Whether or not supervisors intend to grant Clerk Sarona Irvin’s request for roughly $30,000 remains uncertain. Previous boards have denied such requests from the court at mid-fiscal year, with some supervisors arguing that other departments don’t ask for funding until budget discussions in the winter.
Irvin made her pitch to the board at its meeting Thursday as a non-action item. The board could revisit the request in the future.
The clerk not only requested funding for a full-time employee, but also spoke to the board about her plans to reorganize the office, both in terms of staff duties and the arrangement of the desks and other equipment, to better handle their duties and how they work with the public. The clerk also spoke about her office’s need for increased security measures.
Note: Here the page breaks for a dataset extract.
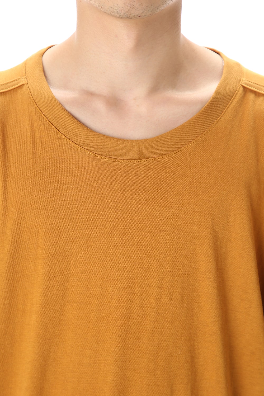 身幅を広く取り、ドロップショルダーで仕立てることで、後ろ身頃の両サイドからドレープが入るデザインとなったルーズシルエットTシャツ。 生地はふんわりとした肌触りの良い天竺生地で、デザイン、着用感ともに夏場1枚で着用するのに適したアイテムとなっています。

Irvin provided the board with a breakdown of her office staff’s work and caseloads over the years since 2011. The office saw 1,437 criminal cases initiated in 2017 compared to 673 in 2011. The number of civil actions remained steady, around 500 since 2011. Her office records thousands of deeds and issues hundreds of concealed-weapons, passports and marriage licenses.
The office also has run on a staff deficit since 2011 and needed, according to an annual state study, more than two, full-time employees from 2014 through 2017 to adequately handle the workload. The state mandates that the clerk’s office handle more than 800 duties.
Irvin’s fiscal 2018 budget request included funding for two, full-time employees. Irvin also asked to free up funds by eliminating one of its three, part-time positions. The board approved in the spring a county budget that included funding for only one additional full-time employee in the clerk’s office and the elimination of the part-time position as requested.
“My staff continues to put in more than the regular hours,” Irvin said.
The clerk said she and her staff accumulated 1,391 compensatory hours in fiscal 2018.
Irvin said her office lacks tenured employees. Irvin has nearly 27 years of experience working in the office while her chief deputy clerk Cynthia Kibler and deputy clerk Karla Ortts have clocked in almost 22 years each with the court. But, as Irvin noted, the next most experienced worker, deputy clerk Andrea Harris, has almost three years in the office.
“So that was kind of eye-opening and being there 26 years myself, I still learn things every day,” Irvin said.
Staff turnover slows down production because new employees need training, Irvin said.
Office morale remains low as a result of the increased workload and staff shortage and turnover, the clerk said. Irvin warned the board that if her entire office staff left as of June 30, the county would have paid $16,799 in comp-time pay and $13,955 in unused annual leave – a total nearly equal that of the salary for a full-time employee.